Детство Энн провела в монастырской школе. Я соблазнял ее умело и расчетливо — мне это не составило большого труда.
Выходившие в парк окна моей спальни были задернуты тяжелыми розовыми шторами. Ножки огромной кровати с подушками из страусовых перьев утопали в мягком ковре. Разноцветные бра прятались по стенам среди огромных зеркал. Комнату пропитывал запах жженого сандала и алоэ. В ванной стояли склянки с эссенциями, помадами, маслами и кремами. Почему-то все это напоминало дорогую больницу.
Однажды ее нашли мертвой. Она покончила с собой, отравившись газом. Рядом лежал листок бумаги с одной лишь фразой: „Да проклянет вас бог, мистер Саид“.

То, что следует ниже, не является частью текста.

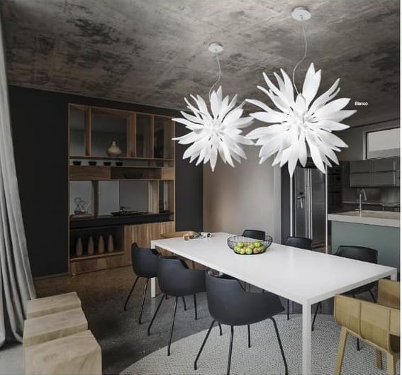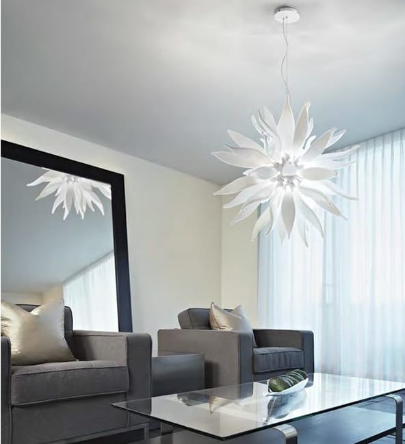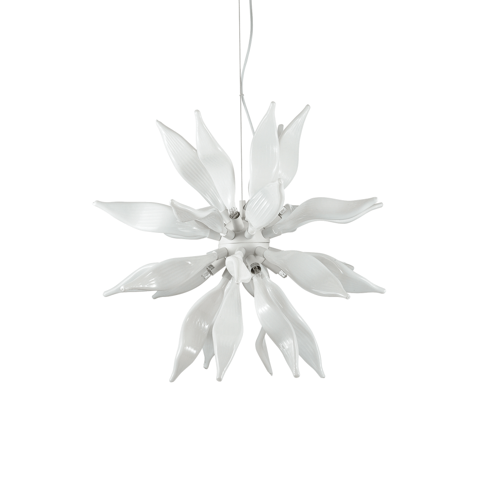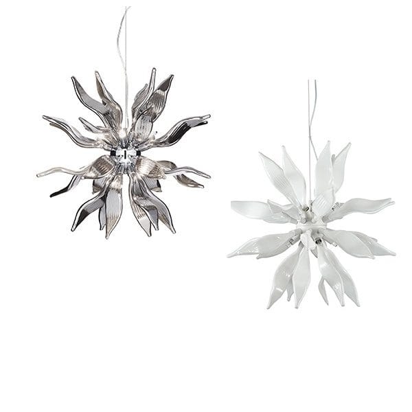 • Moderni riippuvalaisin jonka korkeutta voidaan säätää teräsvaijereista. Valaisimessa metallirunko jossa käsinpuhallettuja lasilehtiä.  Desing Italia. Toimitus osissa.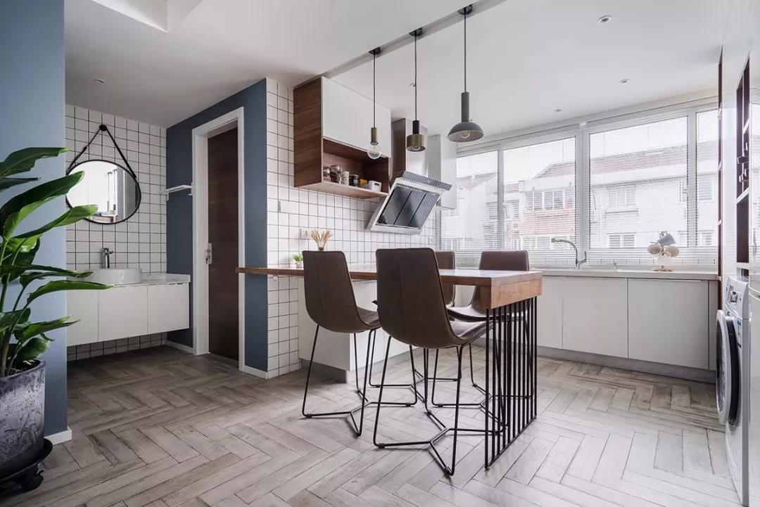一块实木板子搭在橱柜上就成为了三口人的餐厅,好看实用又节约地方,还起到了划分客厅与厨房空间的作用。
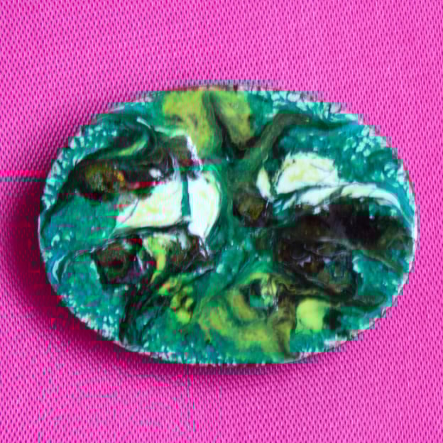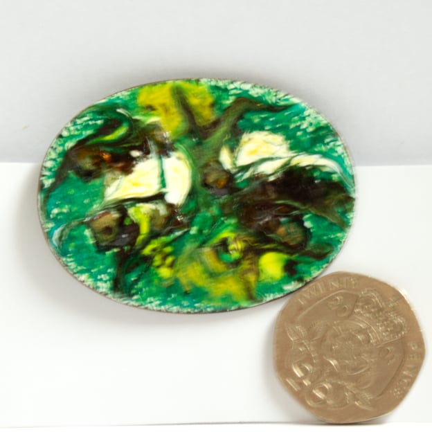 On a layer of green fired over a base of white are scatterings of brown, white and gold scrolled into a design. Small squares of copper glint, golden-brown, adding a pleasing variation to the colours of the brooch.
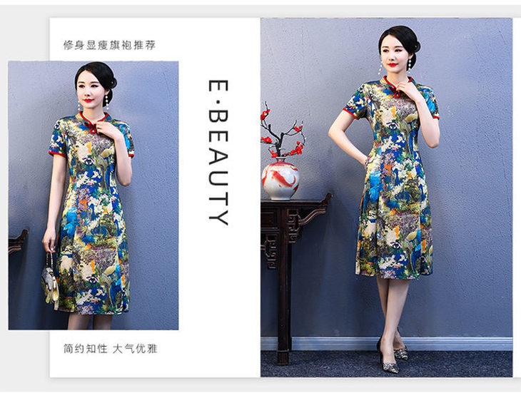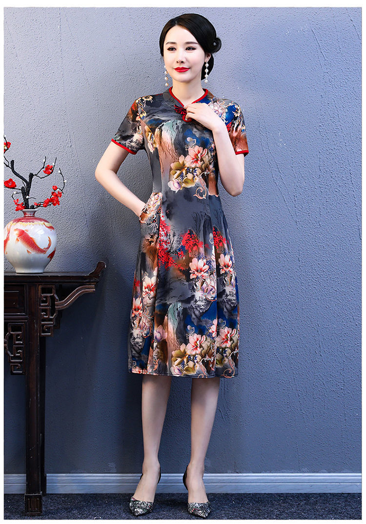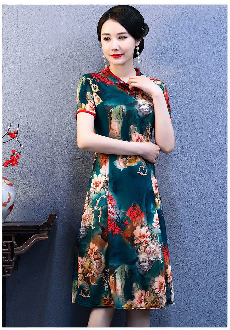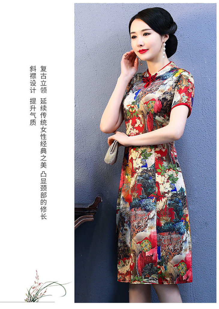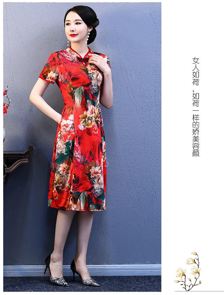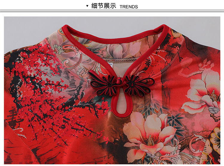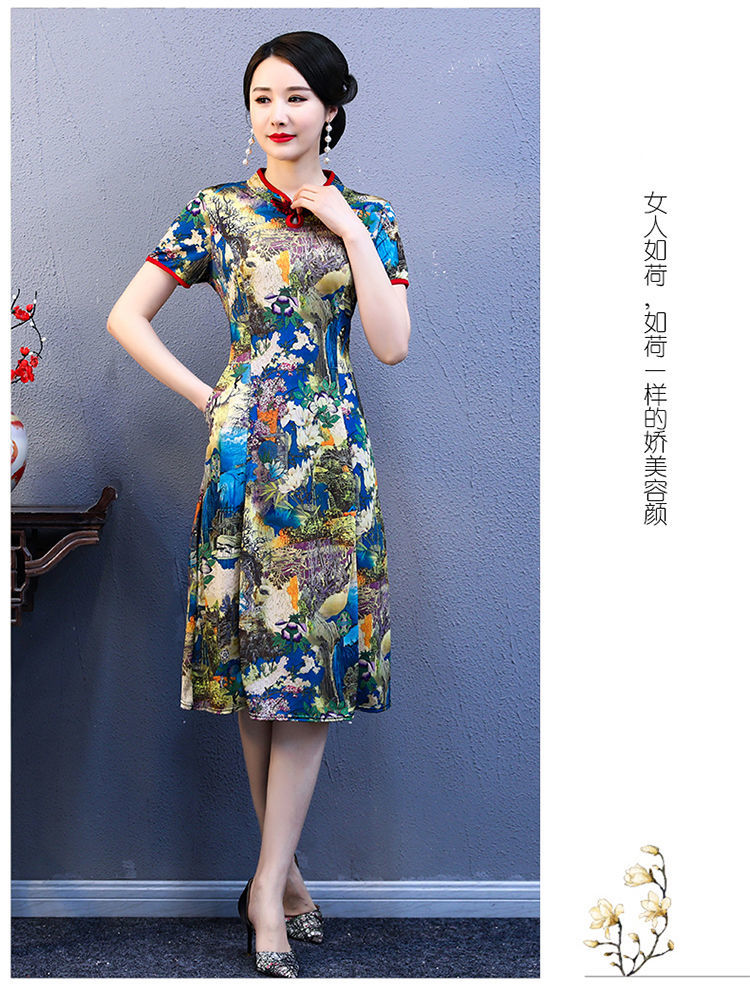 JXG-新款妈妈女装改良旗袍无开衩短袖礼服女连衣裙中老年复古洋气夏装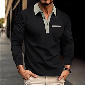 Per uomo Camicia da golf Golf polo da golf Ufficio Informale Bavero Manica lunga Essenziale Moderno Color Block Collage Pulsante Primavera & Autunno Standard Nero Bianco Rosa Rosa scuro Blu marino

Много долгих дней провел я в огромном Лондонском зале суда. Я слушал, что говорят обо мне обвинитель и адвокаты, но мне казалось, что речь идет о постороннем человеке, дела которого меня совершенно не интересуют. Прокурором был сэр Артур Хокинс, человек умный и умеющий внушить страх. Я хорошо его знал. Я видел, как подсудимые рыдали и падали в обморок, когда, закончив допрос, сэр Артур Хокинс наконец оставлял их в покое. Но на этот раз перед ним был не человек, а живой труп.
— Итак, Энн Химменд покончила с собой из-за вас?
— Не знаю.
— А Шейла Гринвуд?
— Не знаю.
— Изабелла Сеймур?
— Не знаю.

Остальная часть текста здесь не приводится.